* [Exercise] Each line in the material below must be transcribed exactly; no picture belongs in the copy.

* [Input data]
================================
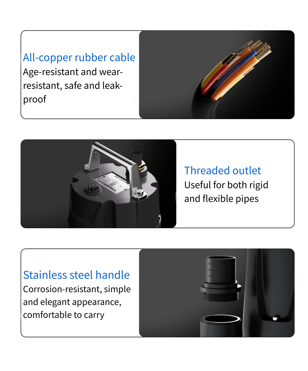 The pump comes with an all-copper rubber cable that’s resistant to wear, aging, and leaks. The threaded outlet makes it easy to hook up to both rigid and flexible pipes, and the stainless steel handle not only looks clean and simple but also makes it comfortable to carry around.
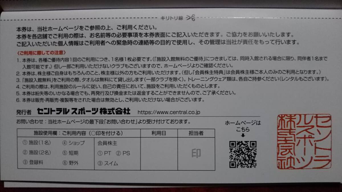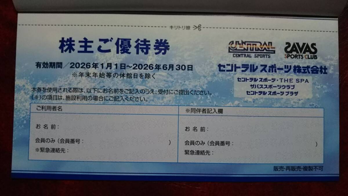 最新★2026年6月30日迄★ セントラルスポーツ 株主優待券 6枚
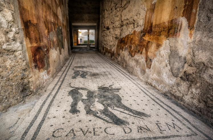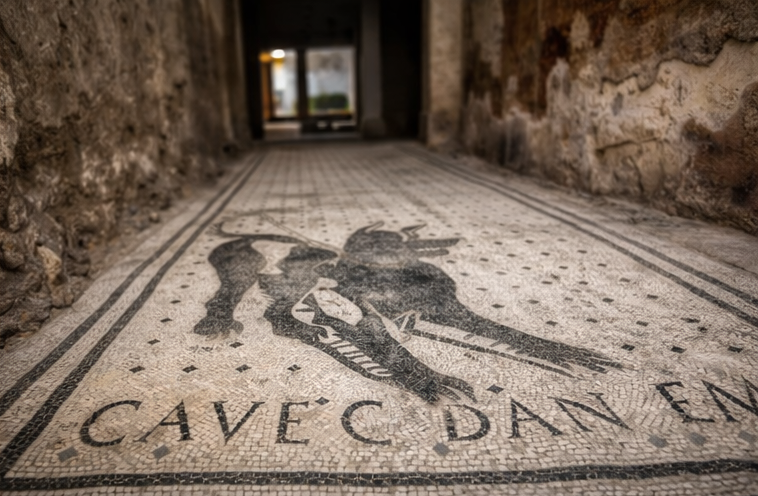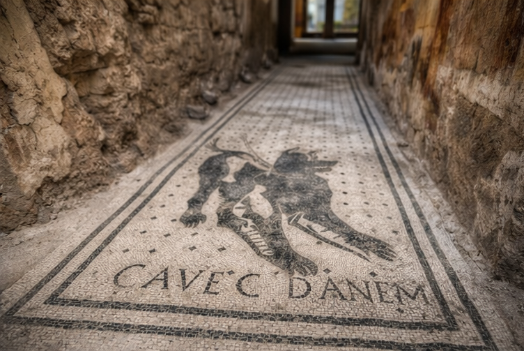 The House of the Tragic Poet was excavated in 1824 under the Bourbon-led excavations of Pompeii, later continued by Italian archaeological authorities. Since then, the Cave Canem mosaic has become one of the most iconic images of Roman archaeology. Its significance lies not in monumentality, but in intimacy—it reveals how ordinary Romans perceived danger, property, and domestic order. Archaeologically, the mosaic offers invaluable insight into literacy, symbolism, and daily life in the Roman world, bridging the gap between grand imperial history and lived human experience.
================================
* [Problem solution]
 The pump comes with an all-copper rubber cable that’s resistant to wear, aging, and leaks. The threaded outlet makes it easy to hook up to both rigid and flexible pipes, and the stainless steel handle not only looks clean and simple but also makes it comfortable to carry around.
 最新★2026年6月30日迄★ セントラルスポーツ 株主優待券 6枚
 The House of the Tragic Poet was excavated in 1824 under the Bourbon-led excavations of Pompeii, later continued by Italian archaeological authorities. Since then, the Cave Canem mosaic has become one of the most iconic images of Roman archaeology. Its significance lies not in monumentality, but in intimacy—it reveals how ordinary Romans perceived danger, property, and domestic order. Archaeologically, the mosaic offers invaluable insight into literacy, symbolism, and daily life in the Roman world, bridging the gap between grand imperial history and lived human experience.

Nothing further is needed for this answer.